People analytics aims at collecting, managing and leveraging predictive analytics to create actionable insights from their data. It helps managers and executives to make smarter, more strategic and more informed talent decisions related to their workforce. With people analytic, organizations can find better applicants, make smarter hiring decisions, and increase employee performance and retention. People Analytics apply sophisticated data science and machine learning to help organizations more efficiently and effectively manage their people. HR teams have a lot of catching up to do in leveraging these people analytics — what data to track, analyze, manage protect and to gain insights to predict future behavior.
LITERATURE REVIEW
“When digital transformation is done right, it’s like a caterpillar turning into a butterfly, but when done wrong, all you have is a really fast caterpillar.” – George Westerman
The research work in the field of Natural Language Processing and People Analytics have been increasingly addressed in the recent years. The Literature Survey culminates to the fact that the HR is underutilizing data analytics in workforce planning ,which is a very active area of research and development. Organizations are sitting on ginormous amount of rich employee data; it is enormously underutilized. Most companies lack good analytics at their disposal to make sense of it and draw insight from it. The absence of the right analytical resources and data is often cited for slow adoption of data driven strategic techniques for workforce planning. Data analytics can help HR become more objective, prudent, tactical and strategic.
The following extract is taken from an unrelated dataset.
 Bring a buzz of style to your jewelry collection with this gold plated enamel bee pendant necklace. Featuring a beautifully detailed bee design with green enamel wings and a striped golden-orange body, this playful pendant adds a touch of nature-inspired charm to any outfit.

The sole reason for the underutilization of these data driven techniques is because of the fact that most machine learning models can’t process raw text. It requires an intense usage of Natural Language Processing techniques. Natural Language processing is considered a difficult problem in computer science due to its ambiguous and imprecise characteristics of natural language.
NLP can reduce time-to-hire by automating pre-qualification using text analytics to provide advanced insights on employee or prospective employees. It can also help the organizations to strategically allocate employees to a particular project.
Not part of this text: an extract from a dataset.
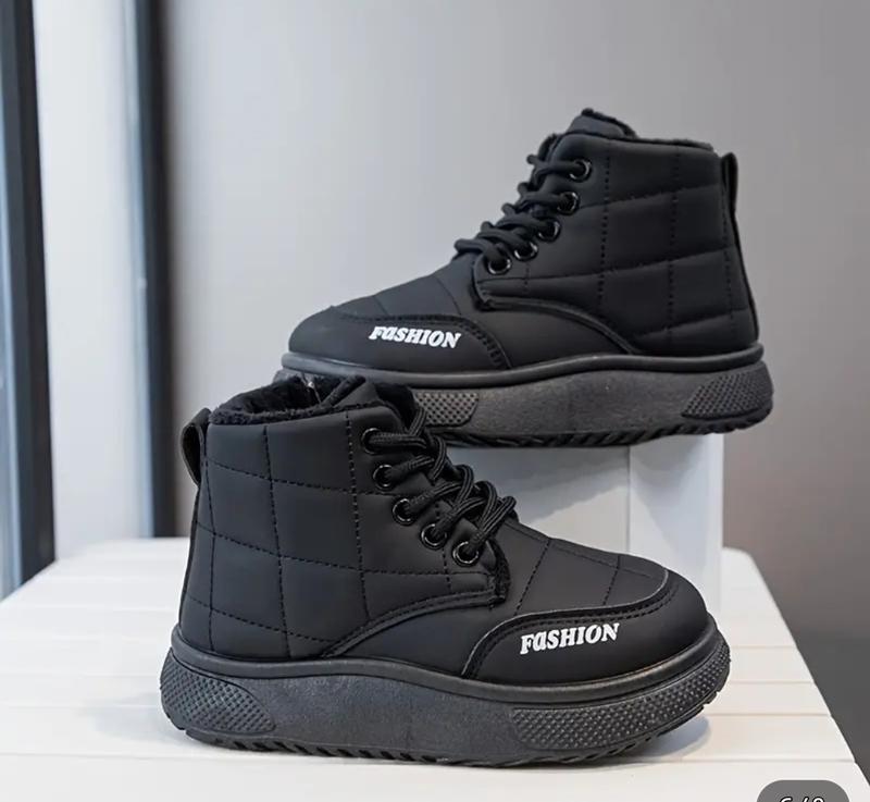 Ботинки для мальчиков и девушек Унисекс, деми Верх из PU с плюшевой подкладкой, нескользящая подошва из ПВХ с застежкой-молнией и шнуровка Размер 26, 34 (черные), 35 (беж) Стелька 16,5 см, 21,5 см и 22,0 см

It is not just a revolutionary change but also an evolutionary phenomenon. In addition to digitization, the transition to business with technology analytics at its center also entails a shift in the culture and mindset of an organization and having a data driven approach.
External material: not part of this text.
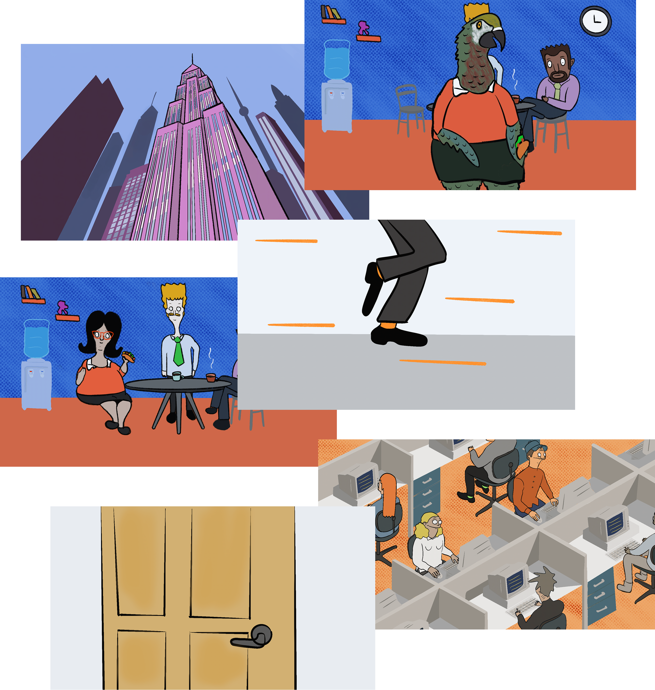 "Employe of the Month" marks my first experience with animation using illustration. The project involved a detailed process, including character design, narrative development, and the strategic planning of camera angles. Its goal was to craft a cohesive and engaging visual story. The work explores the use of visual metaphors, dynamic motion, and symbolism to portray a distinctive journey of self-realization.

RESUME CLASSIFICATION USING TEXT CLASSIFICATION
HR has been using Boolean keyword searches for identifying good resumes or job applications for a long time already which often results in imprecise, unpredictable and humorous results. The level of detail, granularity, and accuracy is not so high in existing systems. There is not much focus on advanced NLP to HR processes yet.
Like early machine translation - the sorting algorithms these platforms used were quite ineffective as the text processing needed to be at a higher level then morphological analysis. Say an applicant uses “Supervised Machine Learning” in his resume and the HR personnel is filtering the candidates based on “Data Mining”: His resume wouldn’t show in results and chances are pretty high that a creative candidate with a more specialized knowledge in a domain might get overlooked. The various already existing tools for equipping the recruiters with artificial intelligence solutions are- Celsia-People Intelligence for the Modern Talent Acquisition World, Mya -an AI Recruiting Assistant. However, these tools require an intense data training with an existing dataset and do not try to bridge the domain knowledge gap that the HR personnel have with respect to the field that they are recruiting.
Natural language processing (NLP) takes text analysis to the much higher level of detail, granularity, scalability and accuracy. Most HR business engagement generates high volumes of natural language and raw text which is unstructured data which can be utilized to gain valuable insights.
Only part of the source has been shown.